PROBLEM is considered one of the key medical concepts as it plays a vital role in research for medical information of a patient. In my thesis, different experiments to extract 3 aspects of this concept were conducted based on the guidelines and annotated data from the i2b2 2010 and i2b2 2012 (Uzuner et al., 2011, Sun et al., 2013) datasets.

This thesis is to show the effects of different techniques on clinical data.

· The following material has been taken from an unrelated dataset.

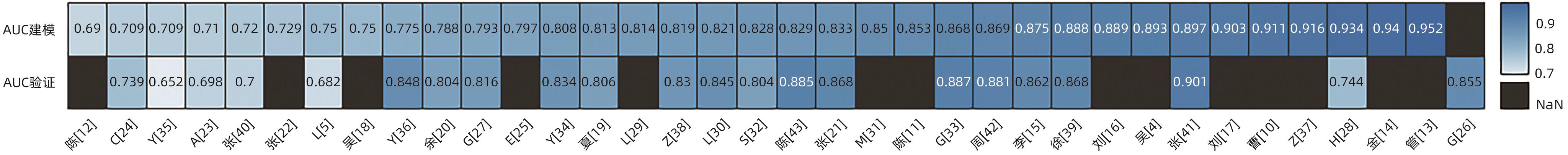 校准方法 验证方法 吴浩然[4] 单因素分析 1 Logistic回归 2.605 未提及 0.893 Hosmer-Lemeshow 未提及 Lee[5] 单因素分析 4 Logistic回归 210.559 未提及 0.750/0.682 Calibration校正曲线 内部验证 曹昕彤[10] 单因素分析 1 Logistic回归 8.757 未提及 0.911 未提及 未提及 陈富华[11] 单因素分析 1 Logistic回归、列线图 6.800 已排除 0.853 Calibration校正曲线 内部验证 陈龙江[12] 单因素分析、LASSO回归 3 Logistic回归 17.967 未提及 0.69 未提及 未提及 管清春[13] 单因素分析 1 Logistic回归 3.000 未提及 0.952 未提及 未提及 金继宽[14] 单因素分析 1 Logistic回归 7.750 已排除 0.94 未提及 未提及 李轲[15] 单因素分析 1 Logistic回归、列线图 8.436 已排除 0.875/0.862 Hosmer-Lemeshow 内部验证 刘少东[16] 单因素分析 1 Logistic回归 8.648 已排除 0.889 未提及 未提及 刘香玉[17] 单因素分析 1 Logistic回归 22.932 已排除 0.903 Hosmer-Lemeshow 内部验证 吴耐[18] 单因素分析 1 Logistic回归 9.338 未提及 0.75 未提及 未提及 夏武政[19] 单因素分析 1 logistic回归 10.013 未提及 0.813/0.806 内部验证 余俊[20] 单因素分析 1 Logistic回归 20.324 已排除 0.788/0.804 Calibration校正曲线 内部验证 张冲[21] 单因素分析 1 Logistic回归 31.680 未提及 0.833/0.868 未提及 内部验证 张佳帏[22] 单因素分析 1 Logistic回归、列线图 18.669 已排除 0.729 Calibration校正曲线、决策曲线 内部验证 Akgul[23] 单因素分析 1 Logistic回归 8.250 未提及 0.710/0.698 Calibration校正曲线 外部验证 Choi[24] 单因素分析 1 Logistic回归、列线图 17.732 未提及 0.709/0.739 Calibration校正曲线 内部验证 El Nakeeb[25] 单因素分析 1 Logistic回归 18.133 未提及 0.797 未提及 未提及 Gu[26] 单因素分析、LASSO回归 5 Logistic回归、列线图 100.451 未提及 未提及/0.855 Calibration校正曲线Hosmer-Lemeshow、决策曲线 外部验证 Guo[27] 单因素分析 1 Logistic回归、列线图 12.485 未提及 0.793/0.816 Calibration校正曲线 内部验证 Huang[28] 单因素分析 1 Logistic回归、列线图 28.956 未提及 0.934/0.744 Calibration校正曲线、决策曲线 外部验证 Li[29] 单因素分析 1 Logistic回归、列线图 7.427 未提及 0.814 Calibration校正曲线 未提及 Li[30] 单因素分析 1 Logistic回归 8.585 未提及 0.821/0.845 未提及 内部验证 Maqueda González[31] 单因素分析 1 Logistic回归 10.334 未提及 0.85 未提及 未提及 Shi[32] 单因素分析、LASSO回归 1 Logistic回归 22.402 未提及 0.828/0.804 未提及 外部验证 Guo[33] 单因素分析 1 Logistic回归 16.909 未提及 0.868/0.887 未提及 外部验证 Yamamoto[34] 单因素分析 1 Logistic回归、列线图 7.421 未提及 0.808/0.834 未提及 内部验证 You[35] 单因素分析 1 Logistic回归、列线图 29.521 未提及 0.709/0.652 未提及 内部验证 Yu[36] 单因素分析 1 Logistic回归 7.998 已排除 0.775/0.848 Calibration校正曲线、决策曲线 内部验证 Zhang[37] 单因素分析 1 Logistic回归、列线图 8.445 未提及 0.916 未提及 未提及 Zhu[38] 单因素分析 1 Logistic回归 5.333 未提及 0.819/0.830 Calibration校正曲线 内部+外部 徐西伯[39] 单因素分析 1 Logistic回归 14.994 已排除 0.888/0.868 未提及 内部验证 张子欢[40] 单因素分析 11 Logistic回归、随机森林、SVM、决策树、KNN、GBM、LGBM、XGBoost、GNB、MNB和BNB 14.108 多重推断程序进行插补 0.72/0.70 未提及 内部验证 张丹阳[41] 单因素分析 1 Logistic回归、列线图 19.249 已排除 0.897/0.901 Calibration校正曲线 内部验证 周黎晨[42] 单因素分析 1 Logistic回归、列线图 14.669 已排除 0.869/0.881 Calibration校正曲线、决策曲线 内部验证 陈依然[43] 单因素分析 1 Logistic回归 13.527 未提及 0.829/0.885 未提及 内部验证 注:EPV,结局事件数与协变量个数比。

This includes Bi-RNN-based models (Bi-GRU, Bi-LSTM), contextual embeddings (BERT, FLAIR), domain-specific data the embeddings were pre-trained on (ClinicalBERT, HunFLAIR), and fine-tuning (Lin et al., 2018).

Experiments were conducted as follows:

Bi-GRU-models were used for Polarity and Modality Tasks
Bi-LSTM-model was used for Temporal Relations Task in terms of entities within sentences (sentence boundaries were observed)
A "universal model" with the technique of fine-tuning different pretrained BERT-models were for Temporal Relations task with data including cases out-of-sentences (in short relations of entities in the whole text if there are)

Also, to observe the importance of entity markup (how the entities are distinguished when fed into pre-trained Language Model), based on research from Lin et al., 2019, XML and non-XML markers were under experiments.

Examples

Polarity and Modality

Each PROBLEM entity has 2 values, polarity (NEG, POS) and modality (FACTUAL, NONFACTUAL).

Temporal Relations

All temporal relations (BEFORE, AFTER, OVERLAP) towards a pair of < PROBLEM, OTHER EVENT > inter- and intrasententially are reported.

Structure

.
├── scripts - scripts to run the whole experiments
├── __init__.py
│   ├── eval
│   │   ├── __init__.py
│   │   └── plotters.py
│   ├── main.py
│   ├── nn
│   │   ├── __init__.py
│   │   ├── config.py
│   │   ├── metrics.py
│   │   ├── models.py
│   │   └── processors.py
│   ├── prep
│   │   ├── __init__.py
│   │   ├── elements.py
│   │   ├── embeddings.py
│   │   └── reformatter.py
│   ├── requirements.txt
│   └── utils
│       ├── __init__.py
│       ├── commanders.py
│       ├── loaders.py
│       └── savers.py
└── visualization - some interesting visualizations during analysis models in Temporal Relation Task

Run the scripts

Clone the repo and redirect to scripts
Install requirements.txt

pip install -r requirements.txt

Manual

Command Line Execution:

Run the script with the desired command main.py.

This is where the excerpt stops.